[Stored data]
# # # #
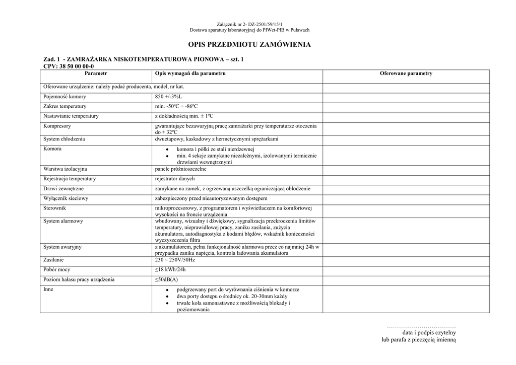 Załącznik nr 2- DZ-2501/59/15/1 Dostawa aparatury laboratoryjnej do PIWet-PIB w Puławach OPIS PRZEDMIOTU ZAMÓWIENIA Zad. 1 - ZAMRAŻARKA NISKOTEMPERATUROWA PIONOWA – szt. 1 CPV: 38 50 00 00-0 Parametr Opis wymagań dla parametru Oferowane parametry Oferowane urządzenie: należy podać producenta, model, nr kat. Pojemność komory 850 +/-3%L Zakres temperatury min. -50ºC ÷ -86ºC Nastawianie temperatury z dokładnością min. ± 1ºC Kompresory gwarantujące bezawaryjną pracę zamrażarki przy temperaturze otoczenia do + 32ºC dwuetapowy, kaskadowy z hermetycznymi sprężarkami System chłodzenia Warstwa izolacyjna komora i półki ze stali nierdzewnej min. 4 sekcje zamykane niezależnymi, izolowanymi termicznie drzwiami wewnętrznymi panele próżnioszczelne Rejestracja temperatury rejestrator danych Drzwi zewnętrzne zamykane na zamek, z ogrzewaną uszczelką ograniczającą oblodzenie Wyłącznik sieciowy zabezpieczony przed nieautoryzowanym dostępem Sterownik Zasilanie mikroprocesorowy, z programatorem i wyświetlaczem na komfortowej wysokości na froncie urządzenia wbudowany, wizualny i dźwiękowy, sygnalizacja przekroczenia limitów temperatury, nieprawidłowej pracy, zaniku zasilania, zużycia akumulatora, autodiagnostyka z kodami błędów, wskaźnik konieczności wyczyszczenia filtra z akumulatorem, pełna funkcjonalność alarmowa przez co najmniej 24h w przypadku zaniku napięcia, kontrola ładowania akumulatora 230 ~ 250V/50Hz Pobór mocy ≤18 kWh/24h Poziom hałasu pracy urządzenia ≤50dB(A) Komora System alarmowy System awaryjny Inne podgrzewany port do wyrównania ciśnienia w komorze dwa porty dostępu o średnicy ok. 20-30mm każdy trwałe koła samonastawne z możliwością blokady i poziomowania .…………………………… data i podpis czytelny lub parafa z pieczęcią imienną Załącznik nr 2- DZ-2501/59/15/1 Dostawa aparatury laboratoryjnej do PIWet-PIB w Puławach Wyposażenie wszystkie sekcje zamrażarki wyposażone w stelaże szufladowe na kriopudełka, w tym 2 sekcje ze stelażami na pidełka o wysokości 75mm, pozostałe sekcje ze stelażami na pudełka o wysokości 50mm. Pozostałe wymiary pudełek – ok. 131x131mm. Pozostałe gwarancja: min. 24 miesiące instrukcja w języku polskim montaż, instalacja, pierwsze uruchomienie i szkolenie personelu w miejscu użytkowania serwis na terenie Polski – bezpłatny w okresie gwarancji, serwis pogwarancyjny czas reakcji serwisu w przypadku awarii: do 48 godzin Przez „czas reakcji” należy rozumieć czas, w którym serwisant, po otrzymaniu zgłoszenia, stawi się w siedzibie końcowego użytkownika i przystąpi do niezwłocznego usunięcia usterek. Zad. 2 – POMPA PRÓŻNIOWA – szt. 1 CPV: 38 50 00 00-0 Parametr Opis wymagań dla parametru Oferowane parametry Oferowane urządzenie: należy podać producenta, model, nr kat. Pompa próżniowa typ GLD-136a lub równoważna dedykowana liofilizatorowi firmy Edwards z zapasem oleju Parametry pompy jednostka 60HZ rzeczywista prędkość pompowania – min. 135-162 L/min; 8.109.72 m3/h; CFM 4.77-5.72; ciśnienie zamknięcia - max 0.67Pa; ciśnienie otwarcia – max 6.7 Pa; pojemność – min. 1L; optymalna temp. pracy – min. 7-40C; ciężar – 20 kg+/- 3kg; wymiary – 170x485x240mm +/- 15mm; zasilanie – trójfazowe; 400W; 200-240V; olej – SMR-100 Pozostałe gwarancja: min. 12 miesięcy instrukcja obsługi w języku polskim lub angielskim montaż, instalacja, pierwsze uruchomienie i szkolenie personelu w miejscu użytkowania serwis na terenie Polski czas reakcji serwisu w przypadku awarii: do 72 godzin Przez „czas reakcji” należy rozumieć czas, w którym serwisant, po otrzymaniu zgłoszenia, stawi się w siedzibie końcowego użytkownika i przystąpi do niezwłocznego usunięcia usterek. .…………………………… data i podpis czytelny lub parafa z pieczęcią imienną Załącznik nr 2- DZ-2501/59/15/1 Dostawa aparatury laboratoryjnej do PIWet-PIB w Puławach Zad. 3 – MIKROSKOP FLUORESCENCYJNY – szt. 1 CPV: 38 50 00 00-0 Parametr Opis wymagań dla parametru Oferowane parametry Oferowane urządzenie: należy podać producenta, model, nr kat. Mikroskop optyczny odwrócony o budowie modułowej stabilny statyw z odseparowanym modułem zasilacza wyposażonym w pokrętło regulacji mocy światła wyposażony w co najmniej dwa porty optyczne (jeden dla nasadki okularowej i jeden dla kamer) odchylany słupek oświetlacza do łatwej zmiany preparatów współosiowe śruby ustawiania ostrości widzenia m z regulacją oporu ruchu, zakres dokładności ruchu w osi Z – min. 1um oświetlenie do światła przechodzącego z lampą halogenową – min. 100W płynna regulacja natężenia światła, wyłącznik umieszczony w łatwo dostępnym miejscu na statywie mikroskopu obok śrub regulacji ostrości widzenia filtry do światła przechodzącego: konwersyjny - światła dziennego, neutralny szary, matówka kondensor tarczowy, wielogniazdowy skonfigurowany do jasnego pola, kontrastu Hoffmana i kontrastu Nomarskiego DIC soczewka kondensora pozwalająca na pracę w technice kontrastu Hoffmana i kontrastu Nomarskiego DIC, odległość robocza soczewki nie mniejsza niż 44 mm; możliwość montażu mikromanipulatorów kontrast Hoffmana dla obiektywów 10x, 20x miska obiektywowa rewolwerowa, sześciogniazdowa do DIC Stolik mikroskopu o wymiarach min. 260x300 mm i zakresie przesuwu min. 126x84 mm Uchwyt uniwersalny dający możliwość obserwowania różnych szalek Petriego, preparatów klasycznych 1x3” oraz butli i szalek hodowlanych sterowanie stołem z prawej strony z pokrętłem przegubowym, pionowym nasadka okularowa dwuoczna z regulacją rozstawienia okularów, pochylenie linii okularów najwyżej 30 stopni od linii poziomej odcinacz światła (shutter) wbudowany w nasadkę okularową soczewka Bertranda z regulacją ostrości (do regulacji ustawień mikroskopu) wbudowana w nasadkę okularową moduł fluorescencji z miejscem do monta
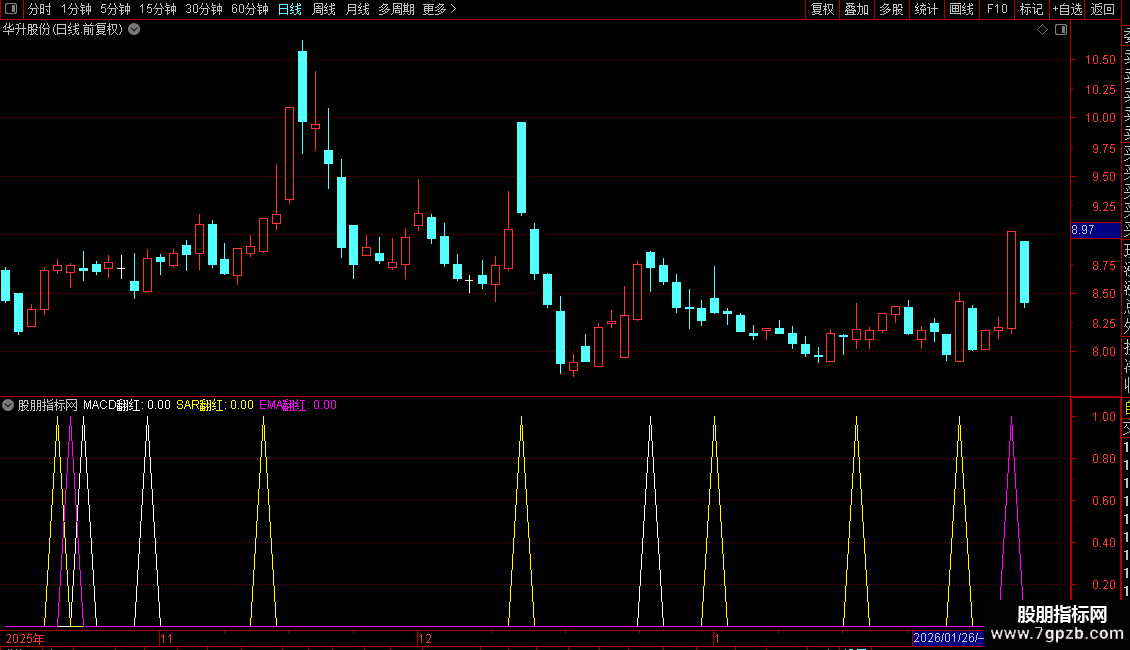 3、EXPMA指标,7号操盘线(参数7)金叉2号操盘线(参数21)即为翻红。
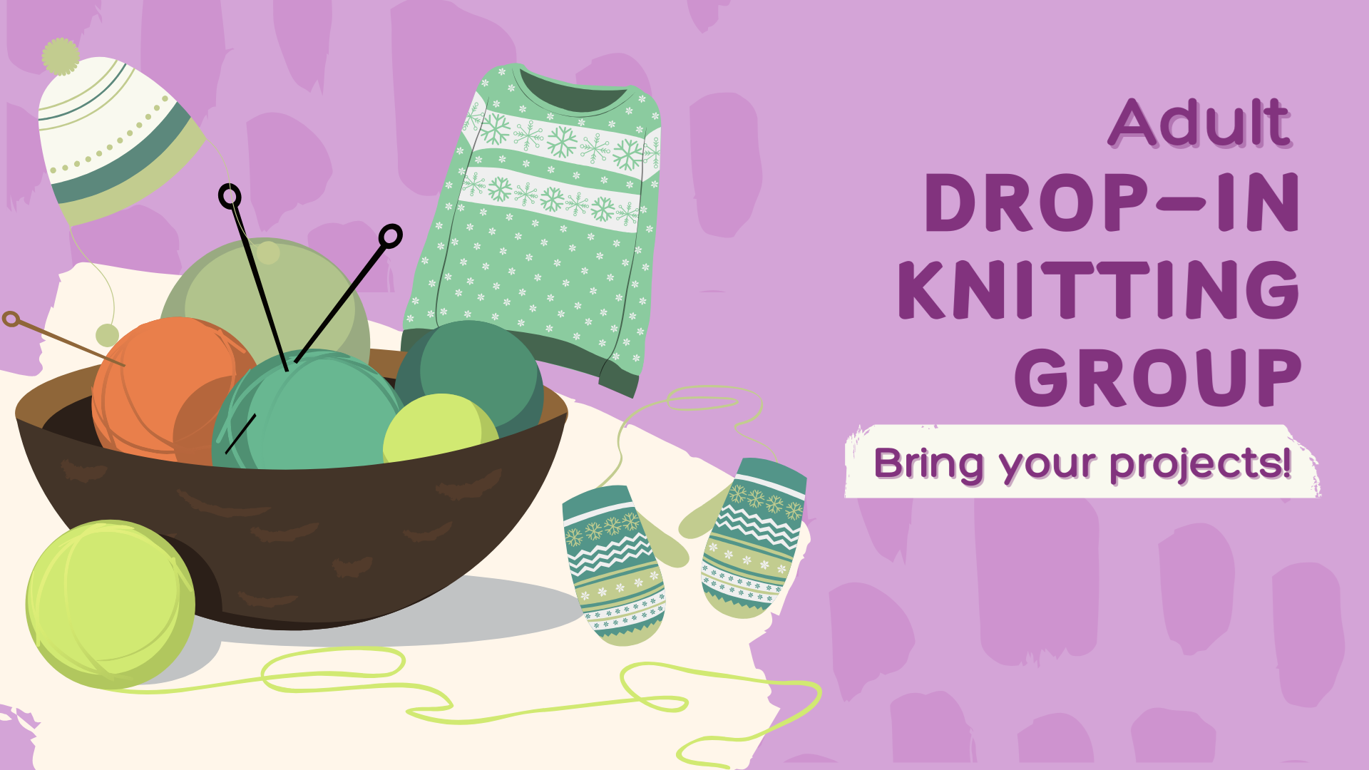 This is not an instructional class but beginners are welcome to attend as experienced knitters are more than happy to share their wisdom. So, if you want to learn a new hobby, please join us! Drop-in any time from 10:00AM to 1:00PM and stay as long as you'd like.
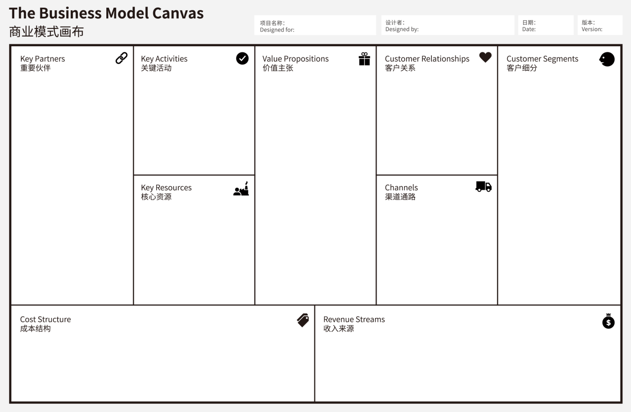 价值主张、重要伙伴、核心能力、关键资源、客户关系、渠道通路、目标消费群体、成本结构、收入来源。
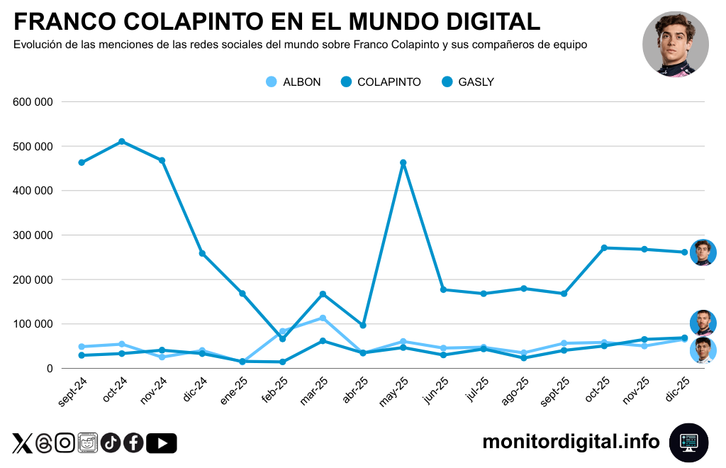 El contraste con Pierre Gasly en Alpine es similar: 465.600 menciones para el francés en toda la temporada 2025, menos de un cuarto del volumen de Colapinto.
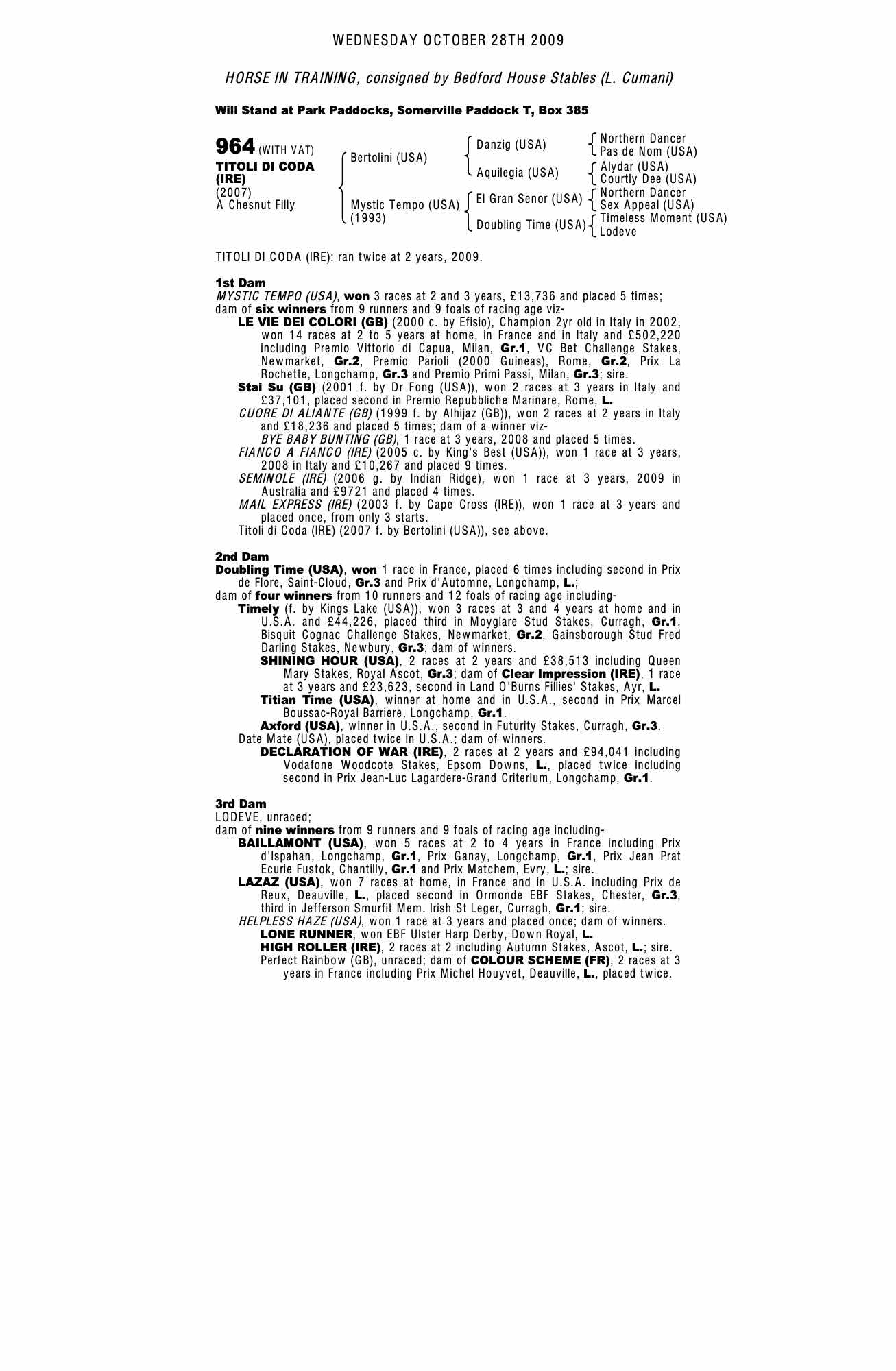 October Yearling Sale, Book 2 2008 lot 720 F. 2007, Kildaragh Stud, Ireland=>Vendor 18,000 gns
# # # #
WHAT TO PRODUCE:
Copy every record character for character. Skip the pictures.

ANSWER SECTION:
 Załącznik nr 2- DZ-2501/59/15/1 Dostawa aparatury laboratoryjnej do PIWet-PIB w Puławach OPIS PRZEDMIOTU ZAMÓWIENIA Zad. 1 - ZAMRAŻARKA NISKOTEMPERATUROWA PIONOWA – szt. 1 CPV: 38 50 00 00-0 Parametr Opis wymagań dla parametru Oferowane parametry Oferowane urządzenie: należy podać producenta, model, nr kat. Pojemność komory 850 +/-3%L Zakres temperatury min. -50ºC ÷ -86ºC Nastawianie temperatury z dokładnością min. ± 1ºC Kompresory gwarantujące bezawaryjną pracę zamrażarki przy temperaturze otoczenia do + 32ºC dwuetapowy, kaskadowy z hermetycznymi sprężarkami System chłodzenia Warstwa izolacyjna komora i półki ze stali nierdzewnej min. 4 sekcje zamykane niezależnymi, izolowanymi termicznie drzwiami wewnętrznymi panele próżnioszczelne Rejestracja temperatury rejestrator danych Drzwi zewnętrzne zamykane na zamek, z ogrzewaną uszczelką ograniczającą oblodzenie Wyłącznik sieciowy zabezpieczony przed nieautoryzowanym dostępem Sterownik Zasilanie mikroprocesorowy, z programatorem i wyświetlaczem na komfortowej wysokości na froncie urządzenia wbudowany, wizualny i dźwiękowy, sygnalizacja przekroczenia limitów temperatury, nieprawidłowej pracy, zaniku zasilania, zużycia akumulatora, autodiagnostyka z kodami błędów, wskaźnik konieczności wyczyszczenia filtra z akumulatorem, pełna funkcjonalność alarmowa przez co najmniej 24h w przypadku zaniku napięcia, kontrola ładowania akumulatora 230 ~ 250V/50Hz Pobór mocy ≤18 kWh/24h Poziom hałasu pracy urządzenia ≤50dB(A) Komora System alarmowy System awaryjny Inne podgrzewany port do wyrównania ciśnienia w komorze dwa porty dostępu o średnicy ok. 20-30mm każdy trwałe koła samonastawne z możliwością blokady i poziomowania .…………………………… data i podpis czytelny lub parafa z pieczęcią imienną Załącznik nr 2- DZ-2501/59/15/1 Dostawa aparatury laboratoryjnej do PIWet-PIB w Puławach Wyposażenie wszystkie sekcje zamrażarki wyposażone w stelaże szufladowe na kriopudełka, w tym 2 sekcje ze stelażami na pidełka o wysokości 75mm, pozostałe sekcje ze stelażami na pudełka o wysokości 50mm. Pozostałe wymiary pudełek – ok. 131x131mm. Pozostałe gwarancja: min. 24 miesiące instrukcja w języku polskim montaż, instalacja, pierwsze uruchomienie i szkolenie personelu w miejscu użytkowania serwis na terenie Polski – bezpłatny w okresie gwarancji, serwis pogwarancyjny czas reakcji serwisu w przypadku awarii: do 48 godzin Przez „czas reakcji” należy rozumieć czas, w którym serwisant, po otrzymaniu zgłoszenia, stawi się w siedzibie końcowego użytkownika i przystąpi do niezwłocznego usunięcia usterek. Zad. 2 – POMPA PRÓŻNIOWA – szt. 1 CPV: 38 50 00 00-0 Parametr Opis wymagań dla parametru Oferowane parametry Oferowane urządzenie: należy podać producenta, model, nr kat. Pompa próżniowa typ GLD-136a lub równoważna dedykowana liofilizatorowi firmy Edwards z zapasem oleju Parametry pompy jednostka 60HZ rzeczywista prędkość pompowania – min. 135-162 L/min; 8.109.72 m3/h; CFM 4.77-5.72; ciśnienie zamknięcia - max 0.67Pa; ciśnienie otwarcia – max 6.7 Pa; pojemność – min. 1L; optymalna temp. pracy – min. 7-40C; ciężar – 20 kg+/- 3kg; wymiary – 170x485x240mm +/- 15mm; zasilanie – trójfazowe; 400W; 200-240V; olej – SMR-100 Pozostałe gwarancja: min. 12 miesięcy instrukcja obsługi w języku polskim lub angielskim montaż, instalacja, pierwsze uruchomienie i szkolenie personelu w miejscu użytkowania serwis na terenie Polski czas reakcji serwisu w przypadku awarii: do 72 godzin Przez „czas reakcji” należy rozumieć czas, w którym serwisant, po otrzymaniu zgłoszenia, stawi się w siedzibie końcowego użytkownika i przystąpi do niezwłocznego usunięcia usterek. .…………………………… data i podpis czytelny lub parafa z pieczęcią imienną Załącznik nr 2- DZ-2501/59/15/1 Dostawa aparatury laboratoryjnej do PIWet-PIB w Puławach Zad. 3 – MIKROSKOP FLUORESCENCYJNY – szt. 1 CPV: 38 50 00 00-0 Parametr Opis wymagań dla parametru Oferowane parametry Oferowane urządzenie: należy podać producenta, model, nr kat. Mikroskop optyczny odwrócony o budowie modułowej stabilny statyw z odseparowanym modułem zasilacza wyposażonym w pokrętło regulacji mocy światła wyposażony w co najmniej dwa porty optyczne (jeden dla nasadki okularowej i jeden dla kamer) odchylany słupek oświetlacza do łatwej zmiany preparatów współosiowe śruby ustawiania ostrości widzenia m z regulacją oporu ruchu, zakres dokładności ruchu w osi Z – min. 1um oświetlenie do światła przechodzącego z lampą halogenową – min. 100W płynna regulacja natężenia światła, wyłącznik umieszczony w łatwo dostępnym miejscu na statywie mikroskopu obok śrub regulacji ostrości widzenia filtry do światła przechodzącego: konwersyjny - światła dziennego, neutralny szary, matówka kondensor tarczowy, wielogniazdowy skonfigurowany do jasnego pola, kontrastu Hoffmana i kontrastu Nomarskiego DIC soczewka kondensora pozwalająca na pracę w technice kontrastu Hoffmana i kontrastu Nomarskiego DIC, odległość robocza soczewki nie mniejsza niż 44 mm; możliwość montażu mikromanipulatorów kontrast Hoffmana dla obiektywów 10x, 20x miska obiektywowa rewolwerowa, sześciogniazdowa do DIC Stolik mikroskopu o wymiarach min. 260x300 mm i zakresie przesuwu min. 126x84 mm Uchwyt uniwersalny dający możliwość obserwowania różnych szalek Petriego, preparatów klasycznych 1x3” oraz butli i szalek hodowlanych sterowanie stołem z prawej strony z pokrętłem przegubowym, pionowym nasadka okularowa dwuoczna z regulacją rozstawienia okularów, pochylenie linii okularów najwyżej 30 stopni od linii poziomej odcinacz światła (shutter) wbudowany w nasadkę okularową soczewka Bertranda z regulacją ostrości (do regulacji ustawień mikroskopu) wbudowana w nasadkę okularową moduł fluorescencji z miejscem do monta
 3、EXPMA指标,7号操盘线(参数7)金叉2号操盘线(参数21)即为翻红。
 This is not an instructional class but beginners are welcome to attend as experienced knitters are more than happy to share their wisdom. So, if you want to learn a new hobby, please join us! Drop-in any time from 10:00AM to 1:00PM and stay as long as you'd like.
 价值主张、重要伙伴、核心能力、关键资源、客户关系、渠道通路、目标消费群体、成本结构、收入来源。
 El contraste con Pierre Gasly en Alpine es similar: 465.600 menciones para el francés en toda la temporada 2025, menos de un cuarto del volumen de Colapinto.
 October Yearling Sale, Book 2 2008 lot 720 F. 2007, Kildaragh Stud, Ireland=>Vendor 18,000 gns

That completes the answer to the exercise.